Wooster and colleagues reviewed the records of 22 adults over 5 years seen at a single center who had prostatic abscess confirmed by imaging. Their age range was 30–72 years, with a median of 57 years. Symptoms had been present for a median of 4 days (range 1–28 days), and 59% had fever (59% met sepsis criteria), 45% had dysuria, and 32% had urinary retention. Pain was common but variable in location and included perineal, scrotal, low back, and flank sites. Six had suprapubic tenderness, 5 had costovertebral tenderness, and only 7 (38.9%) of 18 who had a recorded examination had prostate tenderness. None had had an indwelling bladder catheter, and only one patient had undergone a urologic procedure (cystoscopy) in the previous 6 weeks.
The median peripheral white blood cell count on admission was 16 450 cells/µL. Five (22.7%) patients lacked pyuria. All 22 patients had abscesses demonstrated by computed tomography (CT) examination, with solitary and multiple lesions demonstrated in 13 (59.1%) and 9 (40.9%), respectively; 4 had extension outside the prostatic capsule. The median abscess size was 3.2 cm, and approximately three-fourths were >2 cm in diameter.
Only 18 patients had admission urine cultures, 11 (81.8%) of which were positive. These yielded in addition to Enterobacterales and Enterococcus faecalis, Staphylococcus aureus in 6 (54.5%), 3 of which were methicillin-resistant S. aureus (MRSA).
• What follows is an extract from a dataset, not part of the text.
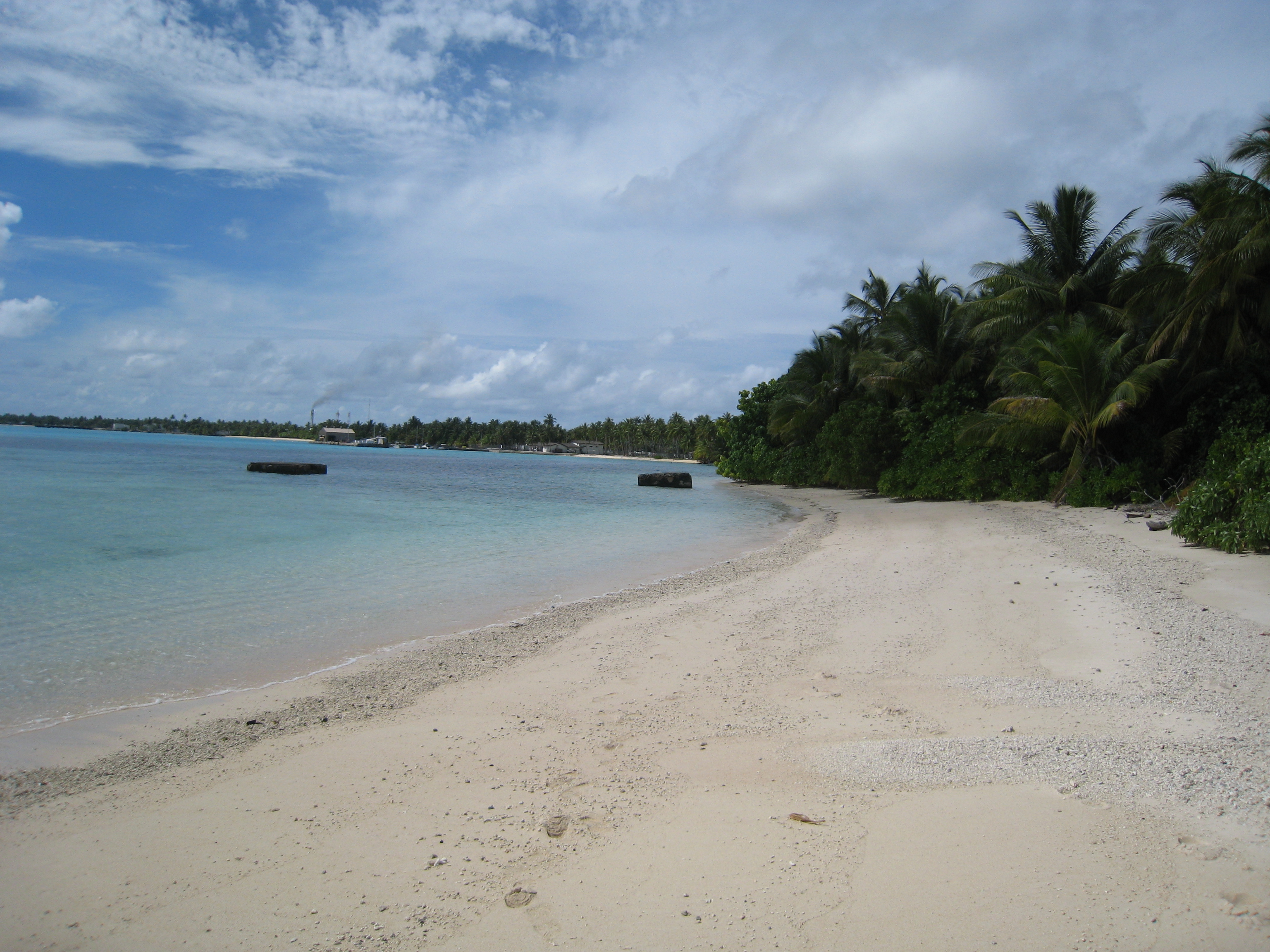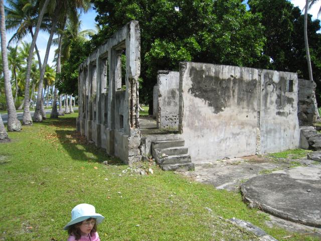 The American use of Kwajalein Atoll has the main contingent of people and supplies on the island of Kwajalein (where we live). During the Japanese occupation, however, the islands of Roi and Namur were connected by landfill and became the main hub of their activity. There was even a Japanese torpedo factory here. In this picture, you can see the ruins of the Japanese headquarters building.

Although 5 patients had a documented urinary tract infection for which antimicrobials had been prescribed in the previous 6 weeks, in no case was the same bacteria recovered at the time of presentation with prostatic abscess.
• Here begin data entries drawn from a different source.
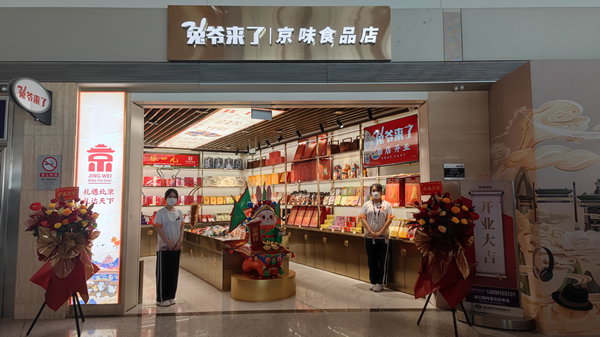 為更好推廣“禮贊國門”服務(wù)產(chǎn)品,近日,以“兔爺來了”命名的京味食品店亮相首都機(jī)場(chǎng)3號(hào)航站樓四層出發(fā)層?xùn)|側(cè),主要經(jīng)營京味特色食品,相關(guān)產(chǎn)品包含張一元、御食園、御茶膳房、天福號(hào)等多個(gè)知名品牌。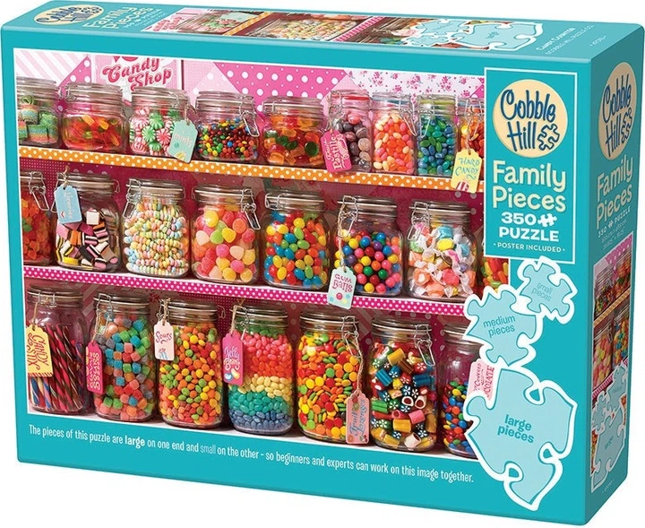 Прилавок із цукерками сповнений смачних та барвистих солодощів! Завдяки трьом різним розмірам деталей, від великих до середніх та маленьких, гравці будь-якого розміру рук та рівня майстерності зможуть працювати разом, щоб зіграти цей веселий сімейний пазл із 350 картинками.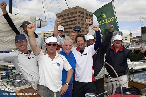 Prolonged upwind conditions experienced in the 2006 Rolex Sydney Hobart have resulted in one of the races most classic entries taking handicap honours. This afternoon at a ceremony on the pontoons at Hobart’s Constitution Dock, Geoff Lavis, Commodore of the Cruising Yacht Club of Australia, organiser of the Rolex Sydney Harbour presented the coveted Tattershalls Cup to this year’s winner, Lindsay May and his nine strong crew on the yacht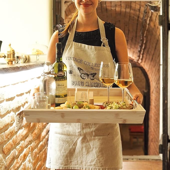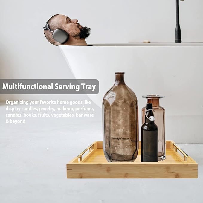 - Versatile & Stylish Tray- Ideal for eating, working, decorating and storing, this multi-functional rectangular bamboo serving tray is either serving small food & drink or organizing your favorite home goods like display candles, jewelry, makeup, perfume, candies, books, fruits, vegetables, bar ware & beyond.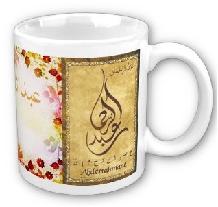 Voir l'ensemble des mugs dédiés au prénoms calligraphiés en arabe (Mugs prénoms arabes et musulmans féminins - Mugs prénoms français)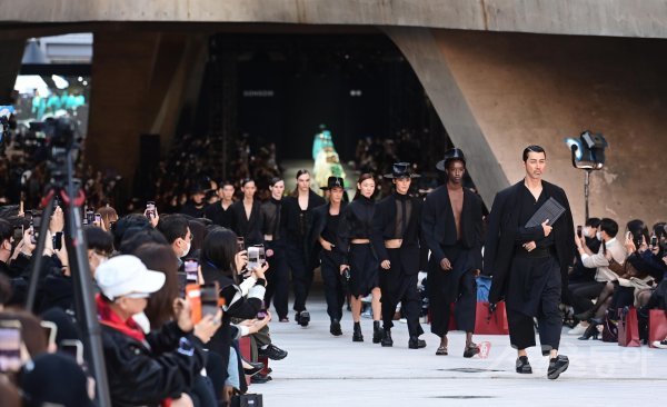 11일 서울 중구 동대문디자인플라자에서 열린 ‘2023 S/S 서울패션위크’ 개막쇼에서 차승원을 비롯한 모델들이 런웨이를 걷고 있다.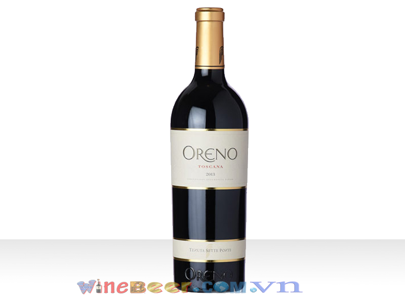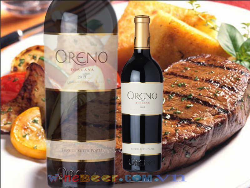 Vang Ý Oreno có màu đỏ ruby pha ánh tím, rượu có hương hoa quả chín pha lẫn vị socola, được tạo ra bởi 3 giống nho nổi tiếng Oreno có cấu trúc mạnh mẽ và phong phú tạo cảm giác thú vị khi thưởng thức

Blood cultures were obtained for 16 patients, 9 (56.5%) of which were positive. These yielded S. aureus (3 MRSA) in 7, along with Escherichia coli and E. faecalis in one each. Thirteen (59.1%) patients underwent a procedure for abscess drainage, and culture of abscess contents was positive in all 5 cases in which it was performed. The median duration of antibiotic administration was 34.5 days (range, 4–65 days). One patient died of E. coli sepsis during hospitalization. There were no documented relapses among survivors in the following 6 months.
At least one-half of the cases of prostatic abscess in this series by Wooster et al were caused by S. aureus, and the authors believed that these cases, in contrast to those caused by usual urine pathogens, were hematogenous in origin (of note is that one of the patients bacteremic with this organism had a mitral valve vegetation). S. aureus has been reported by others as a frequent cause of prostatic abscess, and some have provided further evidence of bloodstream infection as a source of prostatic abscess.
Thus, Walker and colleagues recently reviewed their experience with 21 patients with a discharge diagnosis of prostatic abscess due to S. aureus (57% due to MRSA) over 10 years at a single center in eastern Tennessee [1]. Four-fifths of the 21 patients were bacteremic. Only 67% presented with “genitourinary concerns,” and one-half had a history of genitourinary disease or instrumentation, whereas 11 (52%) had concurrent skin or soft tissue infection. A history of injection drug use or diabetes mellitus were each present in 38%.
A number of observations from these studies are of interest. From the study by Wooster and colleagues, these include the variable location of associated pain, the relatively low frequencies of dysuria and of prostatic tenderness, and the lack of pyuria and of bacteriuria in one-fifth of cases each. Of at least equal interest is the high proportion of cases due to S. aureus, together with evidence that those cases may have been hematogenous in origin. In the series by Walker et al of cases due to S. aureus, 81% of which were bacteremic (and often occurred in injection drug users), local symptoms were frequently absent. This suggests that prostatic abscess should be considered as a potential site of localized infection in patients with S. aureus bacteremia even in the absence of localizing signs or symptoms.